My apologies for not keeping up with life with Lola. We recently found out the results from Lola’s first round of genetic testing and those results came back normal.
This should be good news, right?
Well, it should be good news and I mean it is good news, but what had me in a stricken panic all last week was what has haunted me from the very first time Lola had her first seizure…the unknowns scare the hell out of me. This news rocked me emotionally into someone I hadn’t been in a very long time.
In truth, I was a mess.
I began to Google, I sobbed uncontrollably, I looked at Lola as if she were a science experiment trying to pinpoint what exactly her diagnosis was and why it was causing her delay. Rob kindly reminded me that just because I had found the YouTube video that would help us find out Lola had West Syndrome, this did not mean I would be able to miraculously do so again. After a few days of mania, I began to realize that I have to be patient and just accept this for what it is. Many kids go their entire life without having a diagnosis hence the term “undiagnosed developmental delay”. The neurologist said Lola could just be delayed because of the seizures so early on in her life. That the decrease in white brain matter could be a result of the trauma her brain experienced while it was seizing. But in an effort to make sure we cover all unknown territory, Lola is being referred to a neurogeneticist at Riley Children’s Hospital. This doctor will take into account ALL of Lola’s symptoms and try to pinpoint specific genetic syndromes that could be a fit. The process is long and grueling and this is where my patience must kick in. The doctor is very hard to get into and the intake process alone can take weeks. After he has gone over all genetic markers, he will order specific tests in which those results can take months to get back. But the most important thing is that Lola is continuing to develop which is a good sign and these pictures are all I need to see to remind me that she’ll get there when she is ready and able. That regardless of a diagnosis, she will continue to surprise us all because she’s Lola. A very determined, smart and beautiful little girl.

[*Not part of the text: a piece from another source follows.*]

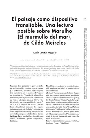 sible reading on Marulho (The sound of the sea) of Cildo Meireles. Abstract: This paper aims to look into the possible links between landscape and installation and its design as a walkable device. It is part of the Research Project “Study of spatial arrangements for the production and exhibition of art objects: South America and the Biennial of Mercosur and the End of the World “held at National University of La Plata and led by Mr. Gustavo Radice. Moreover, it is a preview of the Graduate Fellowship project entitled “Installation and scenic device and the new role of the viewer, led by Ms. Silvia Garcia. Keywords: installation / device / walkable / landscape / viewer / inhabitant
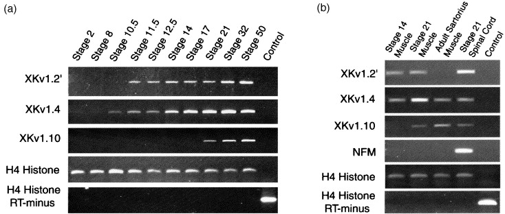 Fig. 5. (A) Developmental expression of XKv1.2â², XKv1.4 and XKv1.10 in whole embryos. cDNA was prepared from whole embryos at stages 2, 8, 10.5,11.5, 12.5, 14, 17, 21, 32 and 50 and XKv1.2â², XKv1.4 and XKv1.10 expression was assessed using specific primers as described in the Materials and methods. (B) Expression of XKv1.2â², XKv1.4 and XKv1.10 in muscle and nerve. cDNA was prepared from the muscle of stage 14 and 21 embryos, adult sartorious muscle and stage 21 spinal cord. Expression of XKv1.2â², XKv1.4 and XKv1.10 RNA was assessed using specific primers as above. Additional RTâPCR with primers specific for medium weight neurofilament (NFM) was carried out to demonstrate that the muscle RNA sample was uncontaminated by nerve. (Controls) RTâPCR with primers for H4 histone was carried out with each of the cDNA preparations as a positive control. The control lane at the right of the figure for the Kv1.2â², Kv1.4, Kv1.10 and H4 reaction contained no template. The H4 primers were used with RT-minus template to ensure there was no genomic DNA and the control lane for this series contained stage 50 cDNA.

In occupational therapy, we are working on taking items off and putting them on, putting items in something and then taking them out, turning pages of a book, bringing a toy to her via a string and opening and shutting things. And let me tell you, while it takes Lola more time to figure these out…once she has, sister’s skills just take off!!
In physical therapy, we are still working on Lola learning to pull to stand. You may remember, she did it twice before but has yet to do it again on her own. Her PT says Lola has the strength, she just has to learn how to put it all together. But seeing that Lola uses her feet to manipulate her environment, standing and walking might prove to be difficult. Yet over the past couple of weeks, Lola has begun to do what I call her downward facing dog pose. Oddly enough, I think this is how she’ll learn to stand up, but we just have to wait and see.
Lola is doing amazing with taking an item out of something, but putting it back in proves to be challenging for her. But if I were Lola, why would I want to let go of an awesome toy that makes noises when I manipulate it in my hand?!
Last week, Lola began speech therapy with a wonderful lady who is quite engaging with Lola. The ST will work on trying to get Lola to pronounce vowels, syllables and eventually words and sentences. She will help Lola learn what communication is and how to effectively use it. But just ask anyone who has been around Lola and they will tell you the girl communicates…it’s just in her own way. Lola will mimic sounds such as raspberries, humming, saying ahhh when brushing teeth and now she claps when we say “YEAH!”. These are all positive signs for speech and communication in the future. Yesterday the ST was impressed with Lola’s turn taking interaction meaning Lola would imitate an action after the ST did. Lola would clap when the ST was finished singing a song and she made great eye contact. The ST noted in just the second week of working with Lola, she noticed how much more Lola was using her hands rather than her feet (although sister still loves using those feet!).
So while the unknowns of a diagnosis can be a scary, a diagnosis can also put Lola in a box of what she will and will not be able to do. The unknown diagnosis can mean my kid has no limits and no boundaries of what she will be able to achieve. And even if Lola did have a diagnosis that restricted her, I would never stop teaching her to reach for the stars because I know she’ll get there eventually.